EXERCISE DETAILS:
Every line from the start of the data through the line containing "pontos fathom press." should be retyped exactly; the pictures should not.

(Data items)
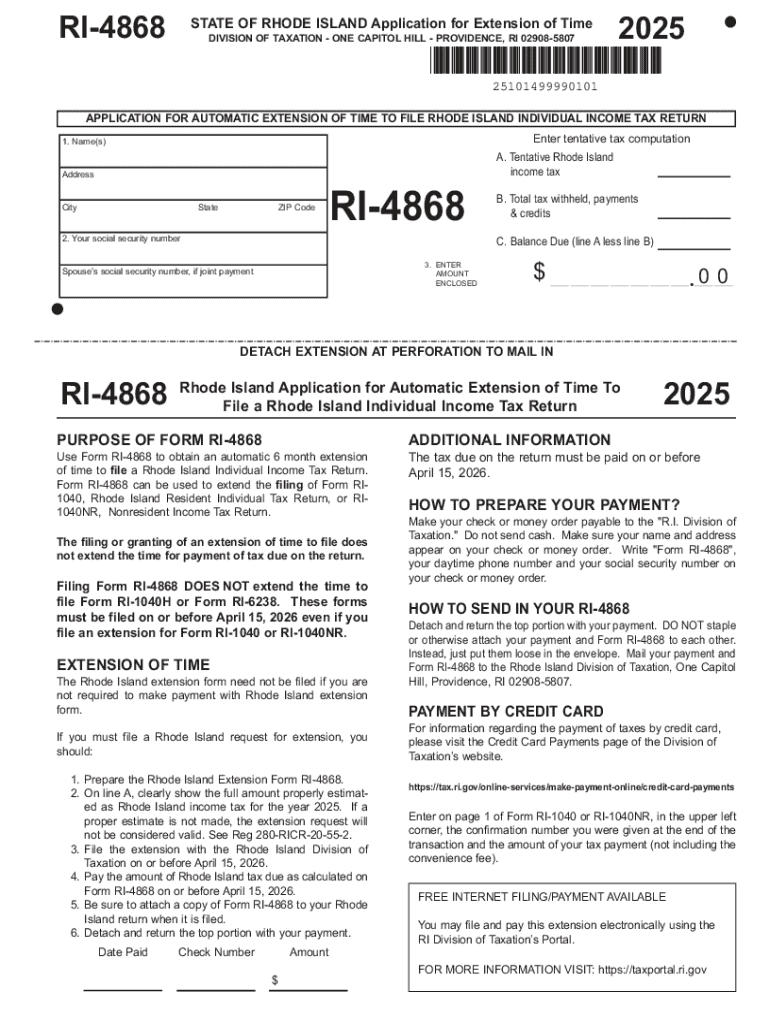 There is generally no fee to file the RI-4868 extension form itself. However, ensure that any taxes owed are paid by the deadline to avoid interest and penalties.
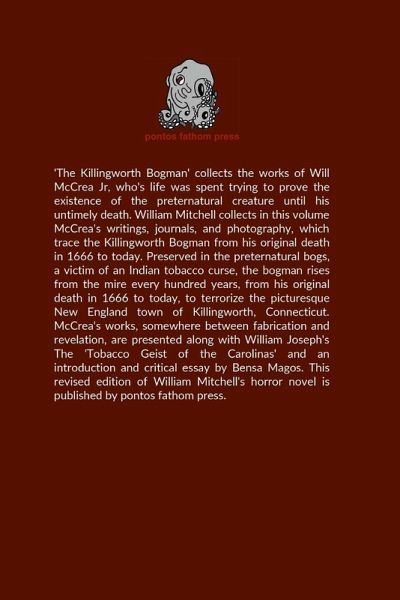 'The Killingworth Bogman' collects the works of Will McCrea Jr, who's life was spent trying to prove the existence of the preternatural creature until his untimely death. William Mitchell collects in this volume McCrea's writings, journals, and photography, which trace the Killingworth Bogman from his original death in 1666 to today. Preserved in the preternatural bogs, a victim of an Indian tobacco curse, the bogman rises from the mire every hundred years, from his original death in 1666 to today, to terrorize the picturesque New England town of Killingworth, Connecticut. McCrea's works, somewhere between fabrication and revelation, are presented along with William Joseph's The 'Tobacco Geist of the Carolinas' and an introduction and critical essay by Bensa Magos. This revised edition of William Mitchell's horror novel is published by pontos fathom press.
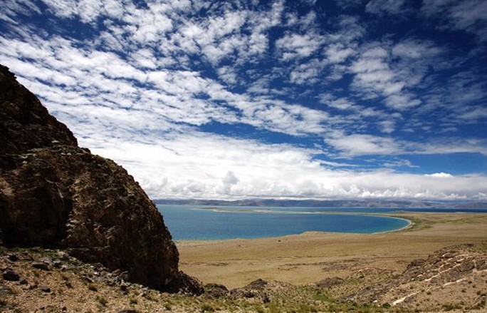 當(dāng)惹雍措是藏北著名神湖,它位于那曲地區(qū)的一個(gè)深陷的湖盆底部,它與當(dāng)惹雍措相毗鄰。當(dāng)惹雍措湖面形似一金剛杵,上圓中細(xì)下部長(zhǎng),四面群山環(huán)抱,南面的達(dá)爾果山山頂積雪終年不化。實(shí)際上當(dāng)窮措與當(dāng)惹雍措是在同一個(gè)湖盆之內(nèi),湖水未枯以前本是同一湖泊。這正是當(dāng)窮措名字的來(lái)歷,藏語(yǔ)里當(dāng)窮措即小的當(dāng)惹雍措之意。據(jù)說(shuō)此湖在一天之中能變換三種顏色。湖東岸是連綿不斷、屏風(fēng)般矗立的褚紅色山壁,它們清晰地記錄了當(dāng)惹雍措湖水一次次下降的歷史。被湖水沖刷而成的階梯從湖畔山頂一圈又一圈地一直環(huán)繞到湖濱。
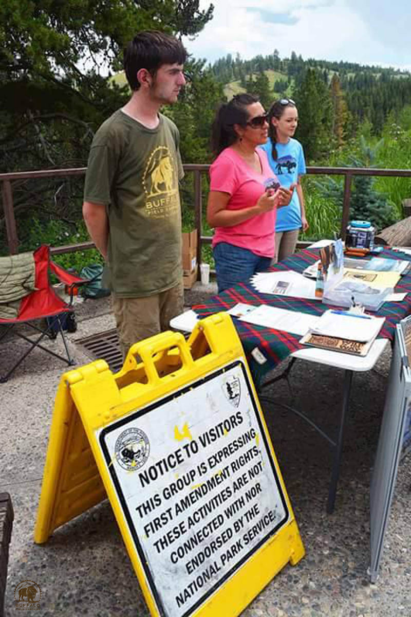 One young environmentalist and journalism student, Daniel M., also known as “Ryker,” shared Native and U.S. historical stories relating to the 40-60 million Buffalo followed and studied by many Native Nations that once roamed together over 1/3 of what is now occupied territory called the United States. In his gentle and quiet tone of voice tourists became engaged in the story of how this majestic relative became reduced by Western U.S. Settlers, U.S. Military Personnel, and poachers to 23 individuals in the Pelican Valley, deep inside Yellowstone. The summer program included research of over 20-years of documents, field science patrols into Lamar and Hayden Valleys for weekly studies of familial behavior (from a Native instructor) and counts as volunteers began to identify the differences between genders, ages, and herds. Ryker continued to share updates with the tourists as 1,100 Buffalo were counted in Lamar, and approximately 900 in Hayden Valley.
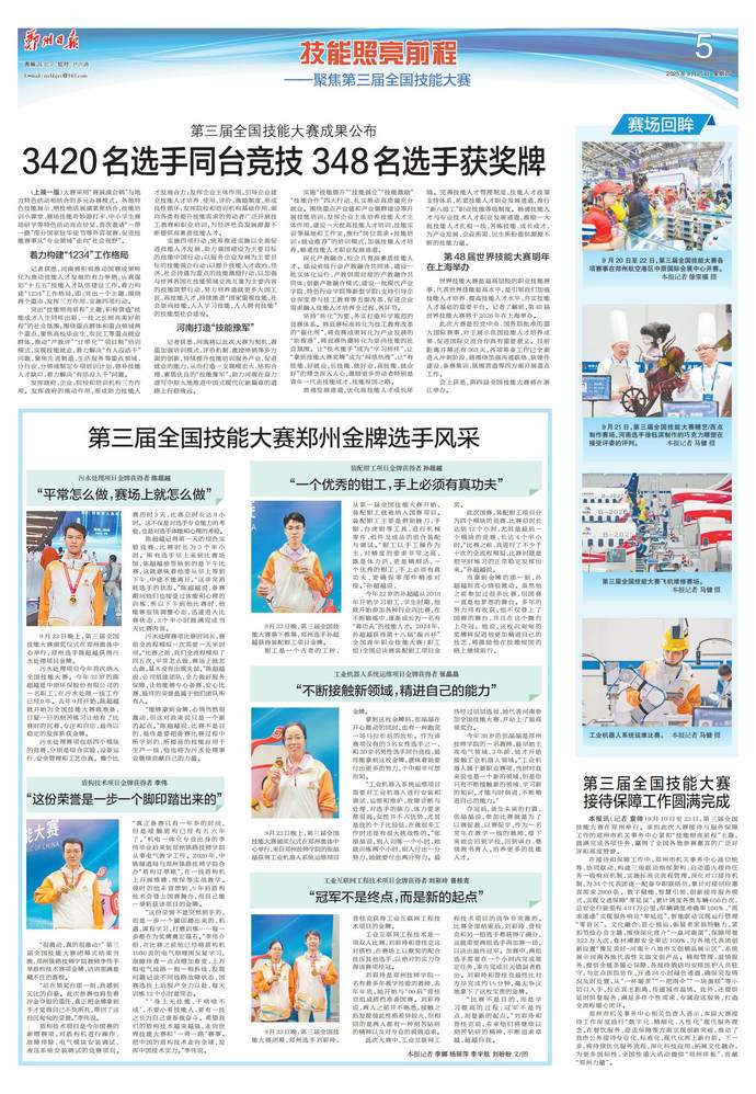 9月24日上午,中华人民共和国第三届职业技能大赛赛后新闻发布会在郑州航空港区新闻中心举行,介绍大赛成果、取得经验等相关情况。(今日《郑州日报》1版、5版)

EXPECTED ANSWER:
 There is generally no fee to file the RI-4868 extension form itself. However, ensure that any taxes owed are paid by the deadline to avoid interest and penalties.
 'The Killingworth Bogman' collects the works of Will McCrea Jr, who's life was spent trying to prove the existence of the preternatural creature until his untimely death. William Mitchell collects in this volume McCrea's writings, journals, and photography, which trace the Killingworth Bogman from his original death in 1666 to today. Preserved in the preternatural bogs, a victim of an Indian tobacco curse, the bogman rises from the mire every hundred years, from his original death in 1666 to today, to terrorize the picturesque New England town of Killingworth, Connecticut. McCrea's works, somewhere between fabrication and revelation, are presented along with William Joseph's The 'Tobacco Geist of the Carolinas' and an introduction and critical essay by Bensa Magos. This revised edition of William Mitchell's horror novel is published by pontos fathom press.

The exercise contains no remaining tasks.